As advertised and tested, Farseer should have similiar or even better performance than native Box2D and so im quite confused. I do have 3 computers ( 1. win xp, 2. win vista, 3. win 7 ) and tested the apps on all of these and its always the same: I can have 10 times more dynamic moving bodies in java than i can have in c# and the c# version has unreasonable high step times even with 10 times less bodies. So what should i now expect of Farseer? I'm expecting similiar performance.
You can reproduce my "problem" with the Farseer XNA Sample app. Modify the simple sample 4 to let the pyramid consist of 140 instead of 14 blocks and in the pyramid prefab change the size of the rectangles to 0.125f instead of 0.5f ( so it fits into the scene ). This is a lagfest on my computer but probably would be piece of cake in my libGDX native Box2D app.
So what do i want from you? Please could you verify that when you change simple sample 4 to something between 100 and 300 rectangles, that you also have a LAGFEST or tell me how many bodies you could spawn. Then, if you can spawn more than 2000, please try to help me to change my implementation (which is identical to original box2d except for the slight differences of using the factories etc. ).
Also please dont ask why i want 4000 dynamic bodies ( this is just for testing purposes ). This is not the question. The question is why farseer it 10 times slower than native box2d or what could be the reason that i am having these problems.

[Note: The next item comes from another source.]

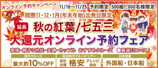 クルーズ予約サイト「ベストワンクルーズ」運営の株式会社ベストワンドットコム(本社:東京都新宿区、代表取締役:澤田秀太)は、11月15日まで「秋の紅葉/七五三 大還元オンライン予約フェア」を実施しておりましたが、好評の為11月25日まで期間を延長して予約を受け付けます。出発間際の厳選コースを対象とした割引キャンペーンとなり、16日からの予約で追加250名様に期間限定料金でご予約いただけます。

All running .net 4 ( farseer 3.5 ) or java 7 x64 server compiler ( dont know the box2d version, newest libgdx )
Computers:
  1. Win xp
    http://en.wikipedia.org/wiki/Samsung_NC10
  2. win vista
    core i7 920 ( first generation i7 )
    6gb ram
    nvidia gtx 560
  3. win 7
    Intel® Core™2 Quad Processor Q6600
    4 gb ram
    nvidia gtx 560
Code:

// Physics2D is just a wrapper class that wraps the body with some additional information
public Physics2D GetPhysics(Vector2 origin, Shape worldScaledShape)
    {
        origin = origin * WorldScale;

        Physics2D physics = this.GetComponent();
        physics.Body = BodyFactory.CreateBody(World, physics);
        physics.Body.LinearDamping = 0.1f;
        physics.Body.AngularDamping = 0.1f;
        physics.Body.SleepingAllowed = true;
        physics.Body.IsStatic = false;
        physics.Body.BodyType = BodyType.Dynamic;
        physics.Body.Enabled = true;
        physics.Body.Position = origin;
        physics.Body.IsBullet = false;
        var fix = physics.Body.CreateFixture(worldScaledShape, physics);
        fix.Restitution = 1;
        fix.Friction = 0.1f;
        physics.AABBSize = GetAABBSize(worldScaledShape);
        // because AABBSize is in box2d scale we need to normalize it back
        // its only used for drawing
        return physics;
    }
// stepping method, usual business
public override void Process(Microsoft.Xna.Framework.GameTime gameTime)
    {
        World.Step((float)gameTime.ElapsedGameTime.TotalSeconds);
    }
// factory method that spawns balls. There the GetPhysics method is called
public Entity GetCircularBall(float originX, float originY, float radius)
    {
        Entity e = new Entity();
        var tex = engine.Content.Load<Texture2D>(GlobalValues.BallTexture);
        var drawable = renderer.GetActorDrawable(tex, null, Color.OrangeRed, 1);
        var phys = physics.GetPhysics(new Vector2(originX,originY), physics.CreateCircular(radius));
        var actor = actors.GetActor(phys, drawable);
        e.AddComponent(drawable);
        e.AddComponent(phys);
        e.AddComponent(actor);
        return e;
    }
The world is scaled by a factor so the balls size lies between 0.1 and 10

I also would like to say that i program for about 12 years and that i usually know what i am doing. Also my libgdx native box2d version is running like a charm. So either i am just overlooking something or c# jit doesn't compile to "good optimized" native code or maybe i found a performance bug in Farseer. I'm tending to number 2 as my other tests show that C# is just unreasonable slow compared to c++ or java -server compiler.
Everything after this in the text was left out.